Using electronic medical record data, we developed a point-of-care machine learning based model that predicts whether an individual patient will drop from care.
Methods: We developed a scalable machine learning system using raw patient medical data to compute risk scores for dropping out of care. For all patients who received HIV care at the University of Chicago from 2008 to 2015, we built features based on a variety of EMR variables including insurance, appointment attendance, diagnoses, social history, medications, and laboratory tests. These features are complex time-based aggregations of the underlying EMR data resulting in a total of 1,295 predictive variables. Interventions are resource intensive and costly hence, we selected a model that tunes our predictive performance to match our capacity for intervention.
The system explores the performance of a broad range of machine learning methods and hyperparameters including decision trees, gradient boosted decision trees, and random forests. Models were compared with a random baseline and clinically relevant expert rules. Given the diverse nature of the patient population, we audited the inherent bias in our system.

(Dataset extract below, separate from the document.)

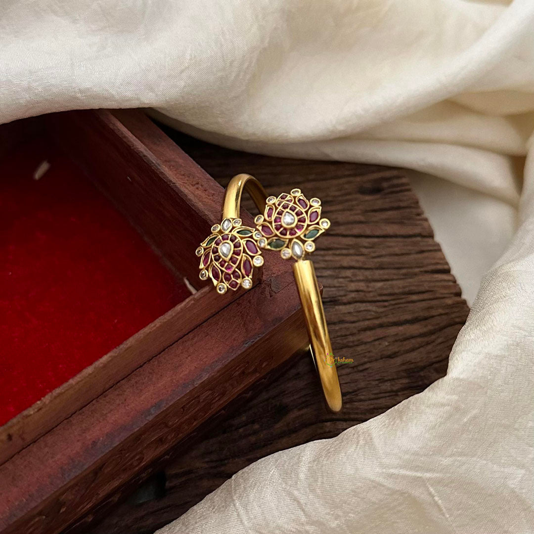 Elevate your style with our luxurious Premium Kundan Lotus Pendant bracelet. This exquisite piece features a stunning Kundan lotus pendant, adding an elegant touch to any outfit. Immerse yourself in the world of sophistication and beauty with this exclusive bracelet.
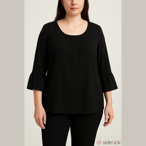 Chic black blouse with a round neckline. Features stylish three-quarter sleeves. Ideal for versatile styling.

Results: 721 patients received HIV care at our institution over the study period, with approximately 1,500 appointments per year. Of these, 10% of the appointments were out of care. A random forest model had the highest positive predictive value.
Our system is significantly more accurate than expert heuristics used today, correctly identifying 10-60% more visits with at-risk patients. The most important features in the model are the history of previous appointments, lab tests results (both viral load and CD4 counts), and diagnoses. Our machine learning model is also superior to the expert rules because it provides individual level prediction instead of coarse group level prediction, which is currently used. Further, in our bias audit, our model has significant less bias than using expert rules.
Conclusion: We built a predictive model for retention in care using machine learning methods that was significantly more accurate and less biased than currently used expert rules. To our knowledge, this is the first time a machine learning system has been applied to the problem of retention in care. This model can be implemented to guide retention interventions in real time.